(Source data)
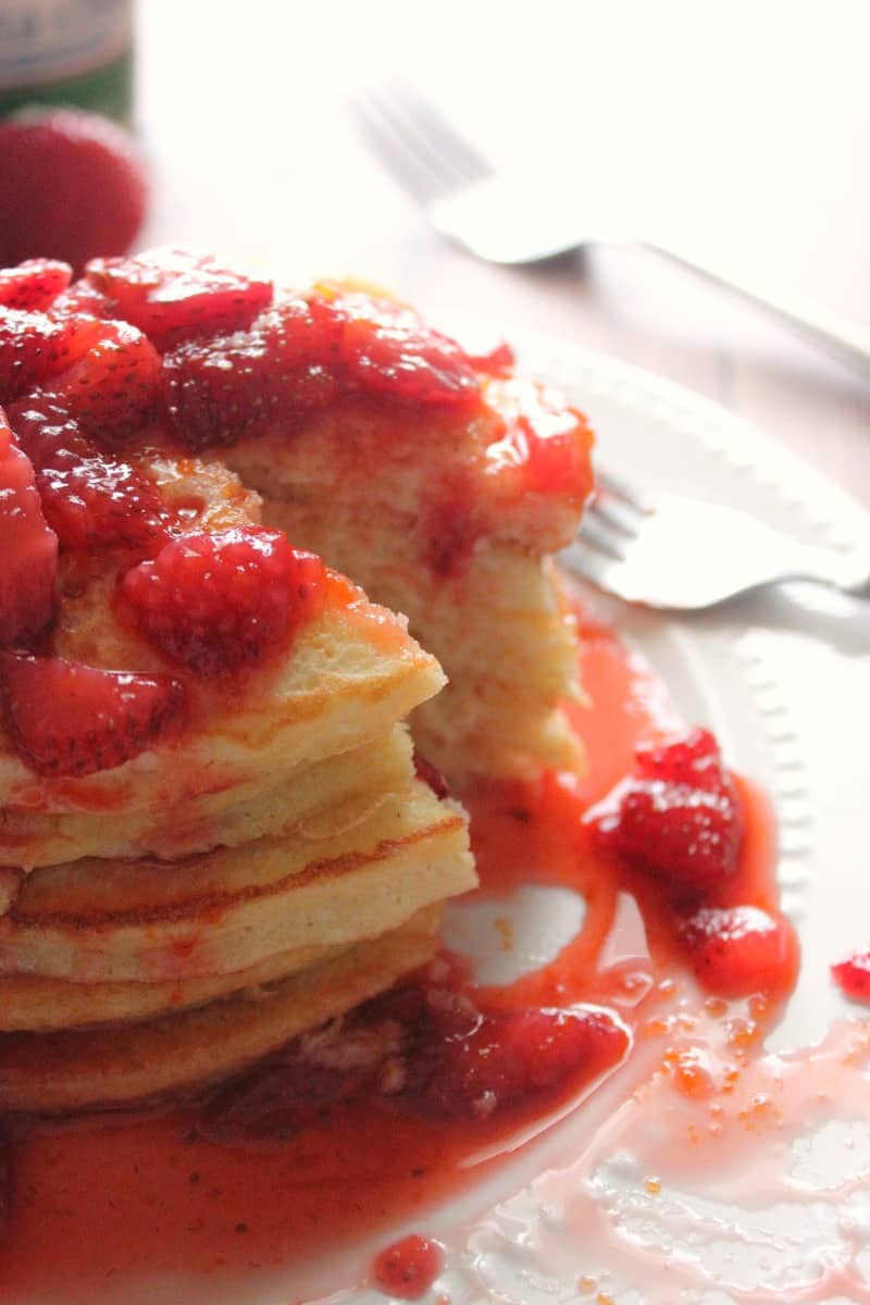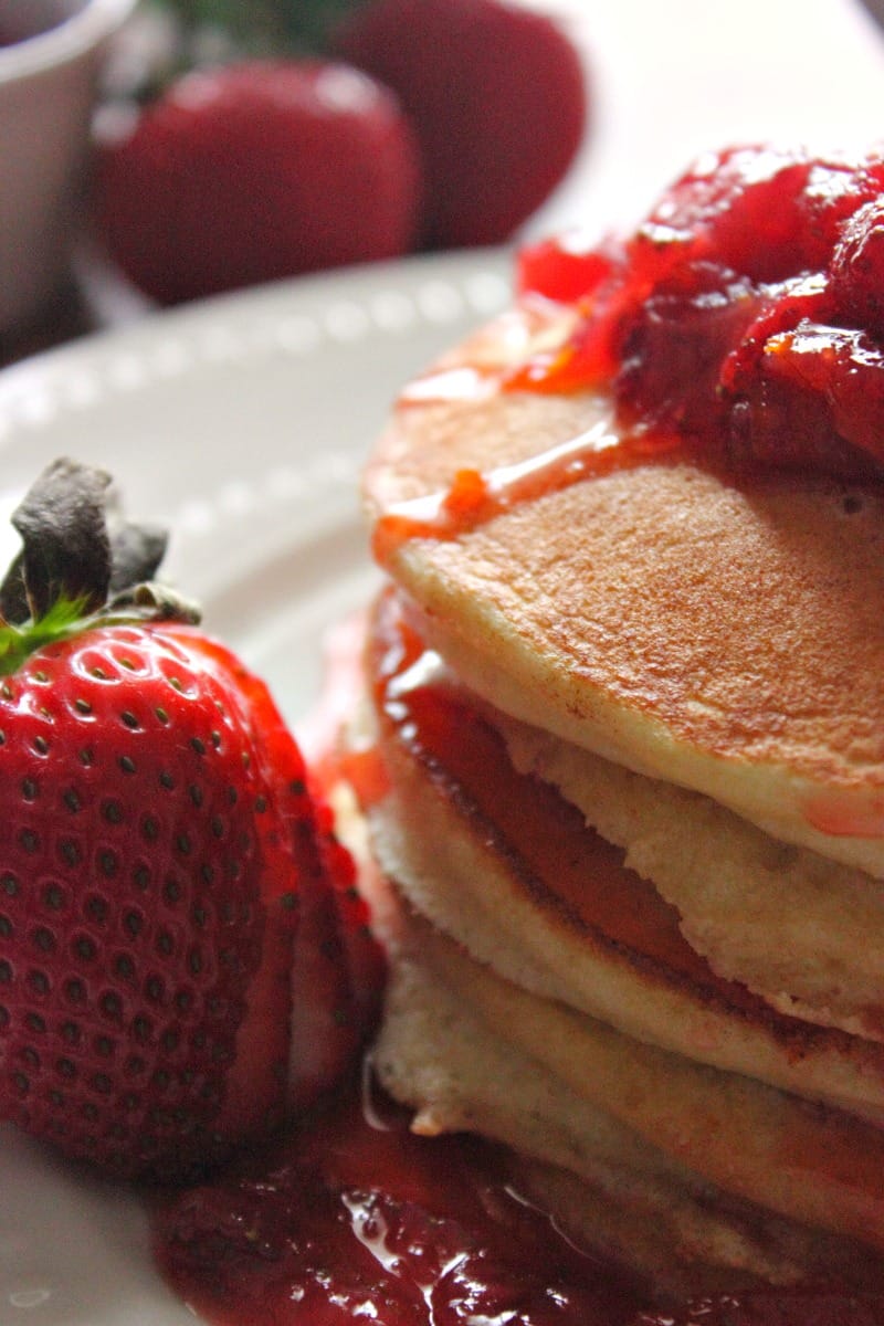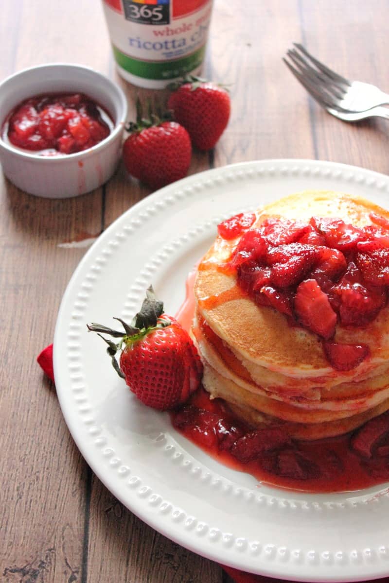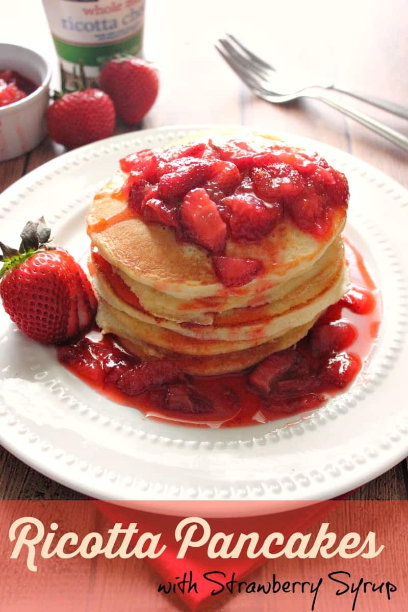 Ricotta cheese is very light with mild flavor.If your worried, you can’t taste the ricotta at all. What it does is make the pancakes incredibly moist and fluffy.When I tried them, they tasted like little pillows of heaven. Adding strawberry syrup to the top of the pancakes just made the entire dish delectable and grandeur. I mean…LOOK AT THEM!
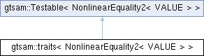 | Public Member Functions inherited from gtsam::Testable< NonlinearEquality2< VALUE > > | |
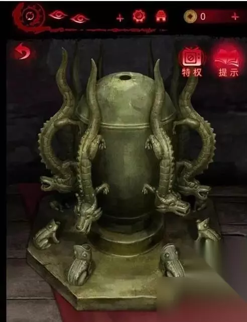 10、用火把把庙烧了,获得王相愿和弓箭,在水池边把咒符射到对面,切换视角得到咒符,把咒符贴到屋内铜人脸上,得到青铜球和小铜船,把小铜球放入地动仪里【地动仪,铜镜,铜鼎在迷宫里,可以自己走】,根据铜鼎上的图案换地动仪的龙和蛤蟆图案,走向出口。
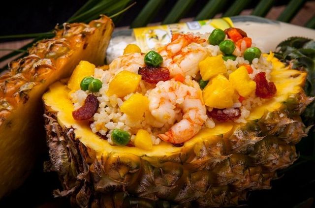 等了大概半个小时,两份菠萝饭送到了 餐桌上面,还有一杯鲜榨橙汁
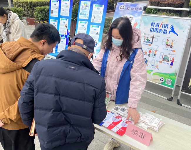 虹口区广中路街道平安办联合虹口区精神卫生中心,广中路社区卫生服务中心、街道计生、禁毒专职干部、自强虹口的禁毒社工一起在同心路159号虹口区美沙酮门诊门口开展防艾禁毒宣传活动……
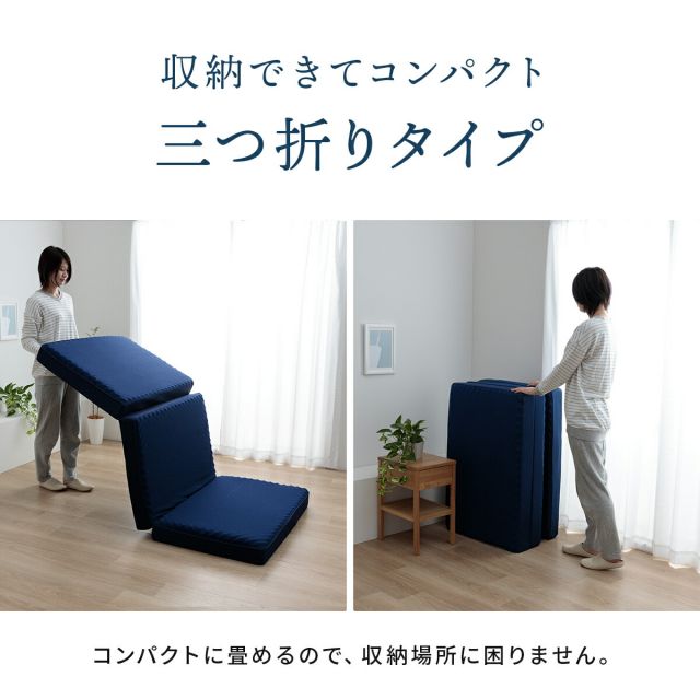 高反発180Nプロファイルウレタン使用のマットレスです。プロファイルウレタンは、凸凹の波型が特徴で、凸の部分で身体を支えます。また、通気性も良いです。マットレスの厚みは約12cmで、底つき感もありません。カバーには抗菌・防臭加工を施しています。カバーは、洗濯機での丸洗いも可能です。通気性と速乾性に優れたメッシュ生地です。カバーは着脱が簡単なL字ファスナー仕様です。三つ折りタイプのマットレスのため、コンパクトに収納できます。

### Exercise instructions
Every line in the records is to be retyped exactly as it stands; the pictures stay out.

### Answer box
 Ricotta cheese is very light with mild flavor.If your worried, you can’t taste the ricotta at all. What it does is make the pancakes incredibly moist and fluffy.When I tried them, they tasted like little pillows of heaven. Adding strawberry syrup to the top of the pancakes just made the entire dish delectable and grandeur. I mean…LOOK AT THEM!
 | Public Member Functions inherited from gtsam::Testable< NonlinearEquality2< VALUE > > | |
 10、用火把把庙烧了,获得王相愿和弓箭,在水池边把咒符射到对面,切换视角得到咒符,把咒符贴到屋内铜人脸上,得到青铜球和小铜船,把小铜球放入地动仪里【地动仪,铜镜,铜鼎在迷宫里,可以自己走】,根据铜鼎上的图案换地动仪的龙和蛤蟆图案,走向出口。
 等了大概半个小时,两份菠萝饭送到了 餐桌上面,还有一杯鲜榨橙汁
 虹口区广中路街道平安办联合虹口区精神卫生中心,广中路社区卫生服务中心、街道计生、禁毒专职干部、自强虹口的禁毒社工一起在同心路159号虹口区美沙酮门诊门口开展防艾禁毒宣传活动……
 高反発180Nプロファイルウレタン使用のマットレスです。プロファイルウレタンは、凸凹の波型が特徴で、凸の部分で身体を支えます。また、通気性も良いです。マットレスの厚みは約12cmで、底つき感もありません。カバーには抗菌・防臭加工を施しています。カバーは、洗濯機での丸洗いも可能です。通気性と速乾性に優れたメッシュ生地です。カバーは着脱が簡単なL字ファスナー仕様です。三つ折りタイプのマットレスのため、コンパクトに収納できます。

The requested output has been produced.